Tax credits and personal tax concessions for expatriate personnel are also granted.
Sme:
The GDP growth was only 1.2% in 2005 whereas it was 2.9% in 2004. The IMF forecasts a 1.9%
growth in 2006. This moderate growth is the consequence of a limited domestic demand as well
as a weak external demand for Belgian products due to the French, German and Dutch economic
slowdown. The Belgian economy strongly relies on its European trade partners' economical
situation given that it realizes 75% of its exports inside the dollar zone. Furthermore, Belgian
exports competitivity suffers from the strong dollar appreciation.
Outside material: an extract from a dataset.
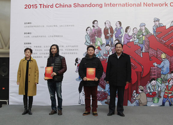 12月2日,“漫話信譽”第三屆中國·山東國際網絡漫畫大賽作品展在山東工藝美術學院長清校區美術館開幕。山東工藝美術學院副院長苗登宇主持開幕式。山東工藝美術學院副院長李新和山東省互聯網信息辦公室常務副主任李宗國,山東省漫畫家協會主席陳黎青,山東省互聯網信息辦公室新聞宣傳處處長國慶東,大眾網總編輯朱德泉,諷刺與幽默報編輯朱丞和山東省漫畫家協會副主席張梁出席開幕式。
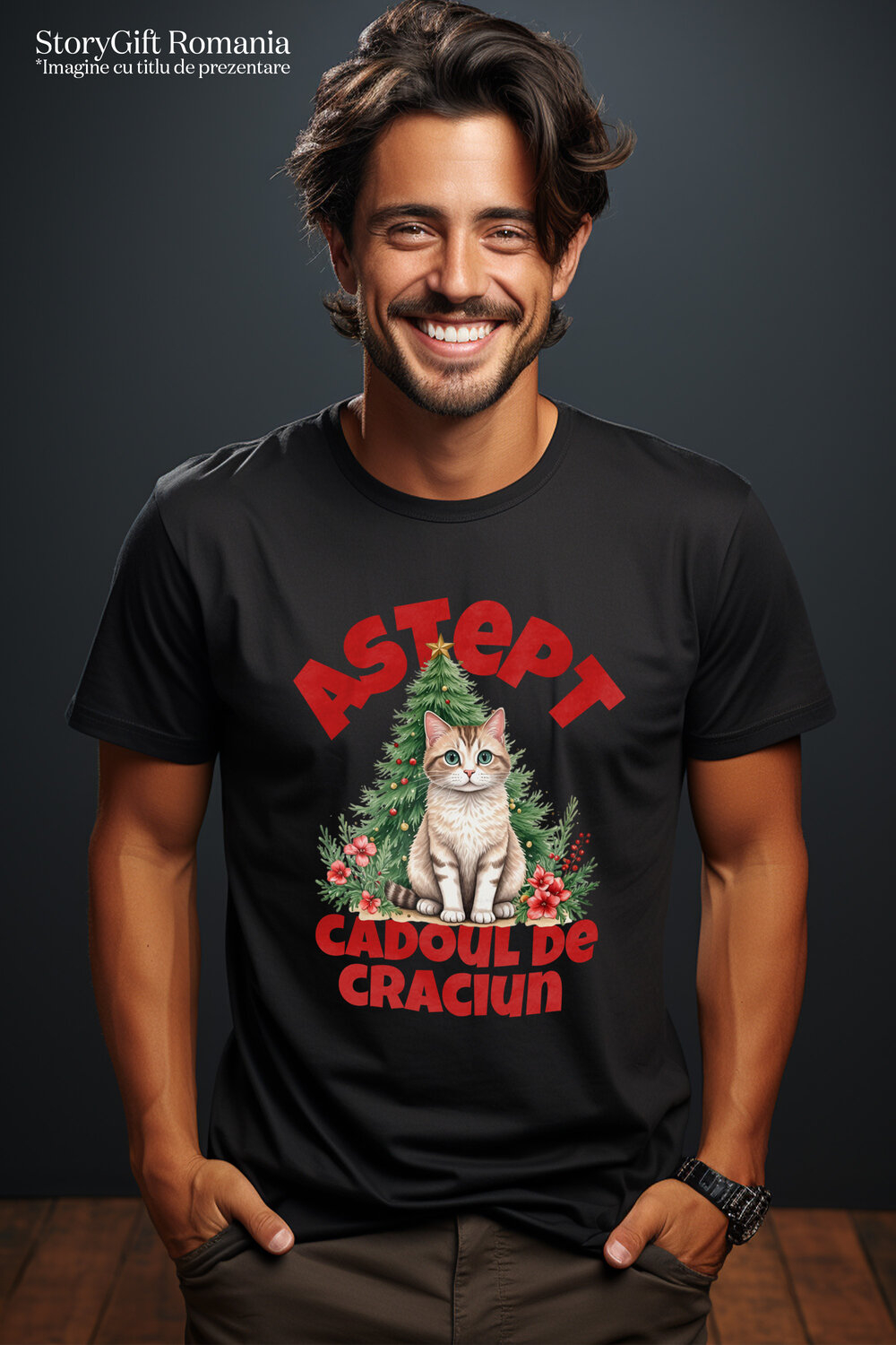 Tricou Barbati cu Pisica Pufoasa Langa Bradul De Craciun, Iubitorii De Animale, Sarbatori cu imprimeu pe Fata, 100% Bumbac, Negru, L

The labour market has been
deteriorating for two years and the unemployment rate has gone up from 8% of the active
population in 2005.
The Belgian agricultural sector provides 1.32% of the country's GDP and plays a much lesser
role in its economy as compared to other European countries. Animal breeding and dairy
production are dominant activities. The agricultural policy comes under the domain of Regions.
The industrial sector provides 26.48% of the GDP. Among the main industrial activities are the
production of semi-processed and semi-finished goods (steel and non-ferrous material, chemical
products) and textile. The biotechnology sector is fast developing. The rest of the economic
activity is widely dominated by the service industry which represents 71.8% of the GDP and
employs 72.19% of the active population.
Belgium has a very open economy, one of the world's first destinations for foreign investments.
The three top investors are Luxemburg, the Nertherlands and France. Belgium's top three import
partners are Germany, the Netherlands and France. The country mainly imports chemical and
pharmaceutical products, machinery and mechanical appliances, and transport material. The top
three export partners were Germany, France and Netherlands. The exportations mainly concern
chemical products, transport material and machinery, and mechanical appliances.